Barbara Cooney; Children’s Author

From Times Staff and Wire Reports

Children’s author and illustrator Barbara Cooney, whose works received a National Book Award and two Caldecott Medals, has died. She was 83.

Cooney’s career, mostly as an illustrator, spanned 60 years and 110 books, including “Basket Moon” published last September. Cooney, whose home and studio, Hermit’s Wood, was in the coastal town of Damariscotta, died Friday at Maine Medical Center after a long illness.

“She was a star of children’s publishing throughout the United States, and I doubt that there is a school library or public library in which she is not represented,” said Tim Moses, spokesman for her publisher, Viking Children’s Books. “We’re going to miss her very much.”

Cooney’s first book was published in 1940. She won the Caldecott Medal, the highest U.S. honor for a children’s book illustrator, in 1959 for “Chanticleer and the Fox.” The book was Cooney’s adaptation of a story from Geoffrey Chaucer’s “The Canterbury Tales.”

Her illustrations for Donald Hall’s “Ox-Cart Man” garnered another Caldecott in 1980. “Miss Rumphius,” published in 1982, was designated one of the New York Times’ 10 best illustrated books of the year and received the next year’s National Book Award for children’s picture books. Her alma mater, Smith College, also awarded her a medal for her life’s work.


The Brooklyn-born Cooney was familiar with Maine from childhood visits to her grandmother, and moved there 17 years ago. Many of her books focused on the culture, history and society of Maine.

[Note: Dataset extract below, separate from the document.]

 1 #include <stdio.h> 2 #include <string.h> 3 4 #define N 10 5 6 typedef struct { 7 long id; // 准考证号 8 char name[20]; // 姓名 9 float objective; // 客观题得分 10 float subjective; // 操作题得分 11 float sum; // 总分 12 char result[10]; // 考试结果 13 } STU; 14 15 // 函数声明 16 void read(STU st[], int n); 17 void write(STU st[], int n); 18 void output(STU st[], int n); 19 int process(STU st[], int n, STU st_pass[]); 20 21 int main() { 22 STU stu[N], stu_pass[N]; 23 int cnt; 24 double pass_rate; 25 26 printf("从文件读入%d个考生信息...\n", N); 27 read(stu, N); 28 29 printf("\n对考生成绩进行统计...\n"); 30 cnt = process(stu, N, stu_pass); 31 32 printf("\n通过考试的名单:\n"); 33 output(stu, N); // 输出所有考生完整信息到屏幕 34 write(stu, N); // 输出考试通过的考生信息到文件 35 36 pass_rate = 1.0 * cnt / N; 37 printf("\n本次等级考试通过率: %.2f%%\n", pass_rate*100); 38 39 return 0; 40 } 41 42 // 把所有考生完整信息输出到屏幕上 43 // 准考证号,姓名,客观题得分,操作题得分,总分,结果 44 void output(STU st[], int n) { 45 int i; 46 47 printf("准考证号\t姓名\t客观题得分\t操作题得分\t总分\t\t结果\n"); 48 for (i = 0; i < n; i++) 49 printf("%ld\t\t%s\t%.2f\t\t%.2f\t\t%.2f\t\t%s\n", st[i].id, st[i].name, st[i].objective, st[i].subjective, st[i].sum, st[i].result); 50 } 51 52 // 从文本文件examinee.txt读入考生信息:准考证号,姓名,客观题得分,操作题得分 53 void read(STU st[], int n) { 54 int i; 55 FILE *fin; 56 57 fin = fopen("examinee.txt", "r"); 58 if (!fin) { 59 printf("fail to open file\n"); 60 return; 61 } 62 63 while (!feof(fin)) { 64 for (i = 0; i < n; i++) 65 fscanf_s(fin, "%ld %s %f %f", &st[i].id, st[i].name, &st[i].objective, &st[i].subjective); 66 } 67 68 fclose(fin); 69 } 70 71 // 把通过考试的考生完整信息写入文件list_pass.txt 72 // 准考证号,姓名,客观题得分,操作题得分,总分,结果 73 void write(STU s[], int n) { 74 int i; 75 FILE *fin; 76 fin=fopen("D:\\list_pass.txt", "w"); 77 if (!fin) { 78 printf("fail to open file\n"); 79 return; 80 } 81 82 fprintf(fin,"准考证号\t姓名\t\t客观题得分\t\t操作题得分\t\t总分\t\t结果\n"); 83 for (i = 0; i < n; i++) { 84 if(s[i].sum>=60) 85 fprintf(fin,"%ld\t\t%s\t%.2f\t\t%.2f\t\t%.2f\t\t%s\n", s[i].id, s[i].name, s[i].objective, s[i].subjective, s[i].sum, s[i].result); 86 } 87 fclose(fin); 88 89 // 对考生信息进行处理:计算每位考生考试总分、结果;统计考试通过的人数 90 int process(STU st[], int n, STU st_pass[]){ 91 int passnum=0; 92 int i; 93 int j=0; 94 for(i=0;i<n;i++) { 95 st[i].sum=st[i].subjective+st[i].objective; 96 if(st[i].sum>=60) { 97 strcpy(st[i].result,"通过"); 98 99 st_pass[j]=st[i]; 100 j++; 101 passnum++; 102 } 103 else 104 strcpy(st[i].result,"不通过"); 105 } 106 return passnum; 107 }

Three years ago, impatient for her adopted town to raise funds for a new library, she donated $850,000 and challenged Damariscotta to raise the rest. Although most of her philanthropy was done quietly, Cooney announced that gift to encourage others to support local libraries across the country.

Her generosity prompted Maine Gov. Angus King to name Cooney an official state treasure and declare Barbara Cooney Day in 1996.

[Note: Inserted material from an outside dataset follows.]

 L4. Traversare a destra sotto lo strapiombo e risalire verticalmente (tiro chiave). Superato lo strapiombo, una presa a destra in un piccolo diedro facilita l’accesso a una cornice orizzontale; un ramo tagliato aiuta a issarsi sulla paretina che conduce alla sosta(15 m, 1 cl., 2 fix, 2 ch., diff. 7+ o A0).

Cooney had worked until nearly the end of her life, and told the Horn Book magazine only a few years ago: “I’ve done my best work, been the happiest with it, the last 12 years. That’s very encouraging.”

Divorced after a brief marriage to author Guy Murchie, Cooney is survived by her second husband, Dr. Charles Talbot Porter, four children, three grandchildren and one great-grandchild.